Path placeholders in script_cmd:

PlaceholderResolves to
{SKILL_DIR}absolute path of target skill
{TESTRES_DIR}~/.skill-regression-space/testres/<skill-name> (long-term test resources)
{WORK_DIR}~/.skill-regression-space/output/<skill-name>/<timestamp> (this run output)

Directory structure

~/.skill-regression-space/
├── testres/<skill-name>/    Test resources (fixtures, helper scripts) — long-term
└── output/<skill-name>/<timestamp>/
    ├── cases.json
    ├── results/
    │   ├── script_results.json
    │   └── agent_results.json
    └── report.md

Report upload (optional hook)

Set the env var SR_REPORT_UPLOAD_HOOK (pointing to your upload script) to push the generated report somewhere:

# Your upload.sh receives: $1=report-path, $2=skill-name, $3=date
# Must print the resulting URL to stdout on success
SR_REPORT_UPLOAD_HOOK=~/bin/gist-upload.sh \
  bash scripts/run_regression.sh /path/to/my-skill

Semantic scoring rubric

The LLM-as-judge returns 0-10:

ScoreMeaning
9-10Fully matches expectations, accurate, well-formatted
7-8Acceptable with minor issues
5-6Partial match, core deficiencies
3-4Major deviation, only some content matches
0-2Wrong or unparseable

⚠️ The judging LLM and the simulating LLM are typically the same family — treat scores as directional, not absolute.
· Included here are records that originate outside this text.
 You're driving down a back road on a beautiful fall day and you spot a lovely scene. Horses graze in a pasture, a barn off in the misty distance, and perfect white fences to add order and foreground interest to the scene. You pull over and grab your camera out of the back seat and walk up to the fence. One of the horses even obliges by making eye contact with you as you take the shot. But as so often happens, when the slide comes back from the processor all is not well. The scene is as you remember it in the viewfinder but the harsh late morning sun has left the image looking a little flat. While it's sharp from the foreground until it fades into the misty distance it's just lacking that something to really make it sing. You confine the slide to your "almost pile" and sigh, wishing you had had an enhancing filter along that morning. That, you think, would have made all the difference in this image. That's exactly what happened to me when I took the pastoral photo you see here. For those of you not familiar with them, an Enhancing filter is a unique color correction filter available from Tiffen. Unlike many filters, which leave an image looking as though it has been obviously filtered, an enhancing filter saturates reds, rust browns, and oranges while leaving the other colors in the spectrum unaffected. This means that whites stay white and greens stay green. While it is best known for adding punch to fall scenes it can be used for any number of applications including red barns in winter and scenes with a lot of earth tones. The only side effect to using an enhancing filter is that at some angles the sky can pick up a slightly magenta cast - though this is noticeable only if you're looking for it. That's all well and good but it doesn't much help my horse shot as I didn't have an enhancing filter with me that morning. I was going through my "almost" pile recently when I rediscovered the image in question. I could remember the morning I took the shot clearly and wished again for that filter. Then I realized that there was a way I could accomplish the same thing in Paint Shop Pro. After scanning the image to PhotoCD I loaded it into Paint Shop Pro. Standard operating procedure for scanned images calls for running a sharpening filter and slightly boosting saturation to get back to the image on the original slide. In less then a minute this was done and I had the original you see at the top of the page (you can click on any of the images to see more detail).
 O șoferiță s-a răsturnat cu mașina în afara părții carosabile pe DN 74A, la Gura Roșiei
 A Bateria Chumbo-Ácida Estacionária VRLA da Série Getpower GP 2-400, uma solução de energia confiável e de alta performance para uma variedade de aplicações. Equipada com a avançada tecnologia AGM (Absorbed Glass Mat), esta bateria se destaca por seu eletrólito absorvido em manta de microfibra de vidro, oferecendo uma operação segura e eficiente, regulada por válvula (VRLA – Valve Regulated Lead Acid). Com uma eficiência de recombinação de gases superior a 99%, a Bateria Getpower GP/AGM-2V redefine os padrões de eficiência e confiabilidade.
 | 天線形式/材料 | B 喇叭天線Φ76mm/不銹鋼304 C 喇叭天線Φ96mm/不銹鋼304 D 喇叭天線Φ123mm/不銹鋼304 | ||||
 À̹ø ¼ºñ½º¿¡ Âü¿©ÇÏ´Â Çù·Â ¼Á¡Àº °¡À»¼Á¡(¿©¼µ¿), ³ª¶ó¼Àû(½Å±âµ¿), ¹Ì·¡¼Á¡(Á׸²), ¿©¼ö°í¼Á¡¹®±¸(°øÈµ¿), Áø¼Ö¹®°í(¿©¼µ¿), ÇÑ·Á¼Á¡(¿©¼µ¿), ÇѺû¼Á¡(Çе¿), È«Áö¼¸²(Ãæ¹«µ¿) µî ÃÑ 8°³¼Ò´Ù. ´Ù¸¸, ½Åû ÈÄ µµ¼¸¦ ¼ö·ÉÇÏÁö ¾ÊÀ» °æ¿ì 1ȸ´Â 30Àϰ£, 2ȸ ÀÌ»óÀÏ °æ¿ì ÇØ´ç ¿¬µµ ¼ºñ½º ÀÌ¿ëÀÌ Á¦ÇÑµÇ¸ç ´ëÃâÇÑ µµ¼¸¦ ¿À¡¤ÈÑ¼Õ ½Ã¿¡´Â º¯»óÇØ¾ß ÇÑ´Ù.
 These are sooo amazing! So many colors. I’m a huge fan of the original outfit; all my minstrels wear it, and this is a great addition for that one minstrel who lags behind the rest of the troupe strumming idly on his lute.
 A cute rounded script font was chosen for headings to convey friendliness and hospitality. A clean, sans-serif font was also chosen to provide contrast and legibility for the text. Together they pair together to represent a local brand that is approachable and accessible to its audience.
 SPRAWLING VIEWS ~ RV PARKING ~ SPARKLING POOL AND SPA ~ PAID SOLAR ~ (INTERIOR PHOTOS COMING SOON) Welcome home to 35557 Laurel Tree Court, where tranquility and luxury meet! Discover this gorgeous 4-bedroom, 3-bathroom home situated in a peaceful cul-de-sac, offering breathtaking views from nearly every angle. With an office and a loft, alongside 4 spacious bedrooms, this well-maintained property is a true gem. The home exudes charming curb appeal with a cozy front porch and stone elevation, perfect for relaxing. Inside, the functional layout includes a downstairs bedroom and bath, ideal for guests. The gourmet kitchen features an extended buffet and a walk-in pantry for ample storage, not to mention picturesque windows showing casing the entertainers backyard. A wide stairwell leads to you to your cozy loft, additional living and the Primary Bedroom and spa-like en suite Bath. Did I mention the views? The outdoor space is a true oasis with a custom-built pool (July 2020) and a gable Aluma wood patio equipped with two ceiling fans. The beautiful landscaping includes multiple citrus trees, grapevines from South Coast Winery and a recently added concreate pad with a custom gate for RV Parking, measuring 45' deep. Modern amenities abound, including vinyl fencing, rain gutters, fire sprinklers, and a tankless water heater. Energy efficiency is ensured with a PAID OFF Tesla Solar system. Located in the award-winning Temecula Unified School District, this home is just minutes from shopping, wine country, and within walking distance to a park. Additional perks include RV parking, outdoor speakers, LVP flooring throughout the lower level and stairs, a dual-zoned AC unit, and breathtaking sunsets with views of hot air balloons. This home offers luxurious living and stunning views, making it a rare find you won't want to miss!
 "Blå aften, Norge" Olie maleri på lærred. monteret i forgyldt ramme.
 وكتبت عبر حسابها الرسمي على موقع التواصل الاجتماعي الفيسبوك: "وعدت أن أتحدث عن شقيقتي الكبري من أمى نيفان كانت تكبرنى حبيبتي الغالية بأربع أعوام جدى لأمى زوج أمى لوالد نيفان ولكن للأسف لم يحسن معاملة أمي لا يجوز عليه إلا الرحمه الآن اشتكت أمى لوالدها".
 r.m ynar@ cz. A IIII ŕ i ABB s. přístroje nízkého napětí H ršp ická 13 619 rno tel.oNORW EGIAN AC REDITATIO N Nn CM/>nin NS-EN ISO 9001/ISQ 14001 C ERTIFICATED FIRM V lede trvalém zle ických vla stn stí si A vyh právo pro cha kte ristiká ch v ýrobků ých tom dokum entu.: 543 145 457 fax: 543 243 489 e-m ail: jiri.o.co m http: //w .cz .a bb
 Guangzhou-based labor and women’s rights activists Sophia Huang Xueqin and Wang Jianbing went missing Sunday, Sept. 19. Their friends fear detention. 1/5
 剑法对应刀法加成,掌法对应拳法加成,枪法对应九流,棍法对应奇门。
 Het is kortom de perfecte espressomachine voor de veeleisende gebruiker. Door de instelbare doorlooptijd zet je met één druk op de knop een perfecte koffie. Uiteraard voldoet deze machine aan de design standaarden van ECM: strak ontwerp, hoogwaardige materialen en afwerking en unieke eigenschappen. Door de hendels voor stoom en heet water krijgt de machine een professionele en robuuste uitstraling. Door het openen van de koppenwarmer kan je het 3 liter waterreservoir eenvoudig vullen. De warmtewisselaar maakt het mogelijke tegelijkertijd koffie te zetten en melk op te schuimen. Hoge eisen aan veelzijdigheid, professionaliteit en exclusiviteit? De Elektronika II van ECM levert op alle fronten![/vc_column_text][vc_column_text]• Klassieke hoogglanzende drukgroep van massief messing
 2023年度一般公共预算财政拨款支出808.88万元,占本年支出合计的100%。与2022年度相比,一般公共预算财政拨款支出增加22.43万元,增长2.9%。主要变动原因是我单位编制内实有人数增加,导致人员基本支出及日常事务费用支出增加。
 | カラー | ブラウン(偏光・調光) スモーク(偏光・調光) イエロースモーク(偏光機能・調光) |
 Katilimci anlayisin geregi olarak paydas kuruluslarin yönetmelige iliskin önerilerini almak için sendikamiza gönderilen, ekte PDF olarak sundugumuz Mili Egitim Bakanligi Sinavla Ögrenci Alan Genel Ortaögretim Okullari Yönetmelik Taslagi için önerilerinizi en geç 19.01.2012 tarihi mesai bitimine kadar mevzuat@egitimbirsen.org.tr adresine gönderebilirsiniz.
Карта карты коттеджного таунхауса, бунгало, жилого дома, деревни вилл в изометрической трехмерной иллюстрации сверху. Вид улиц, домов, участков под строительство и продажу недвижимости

Always inspect detailed mode reports for high-stakes calls.

Internal modules

FilePurpose
scripts/_lib_config.pyConfig loader (.env layers, onboarding)
scripts/_lib_llm.pyOpenAI-compatible LLM client (chat/score/infer)
scripts/setup.pyInteractive onboarding entry
scripts/run_regression.shMain pipeline orchestrator
scripts/normalize_testfile.pyTEST.md naming normalization
scripts/analyze_skill.pyLoad TEST.md or LLM-generate cases
scripts/run_script_tests.pyScript-layer assertions
scripts/run_agent_tests.pyAI-layer (dual backend)
scripts/generate_report.pyMerge results + Markdown report
scripts/merge_results.py--rerun result merging
references/TEST_template.mdTEST.md template reference
references/report_structure.mdReport structure reference

Dependencies

  • Required: Python 3.8+, python3, bash, pip install pyyaml
  • Optional (for openclaw backend): openclaw CLI

No external Python packages beyond pyyaml. Network calls use stdlib urllib.

Notes & limitations

  • api backend tests "would an LLM follow this SKILL.md correctly?" — useful for skill documentation quality but does NOT test true agent + skill interaction.
  • openclaw backend requires running inside an OpenClaw runtime and creates a namespaced cron job (skill-regression-probe-<agent>-<uuid>) per target agent.
  • The normalize_testfile script will rename Test.md/TESTS.md → TEST.md in the target skill dir. Use --dry-run to preview.
  • Auto-generated placeholder cases are marked skip_agent=true to avoid false-positive AI-layer scores; users should fill in a real TEST.md ASAP.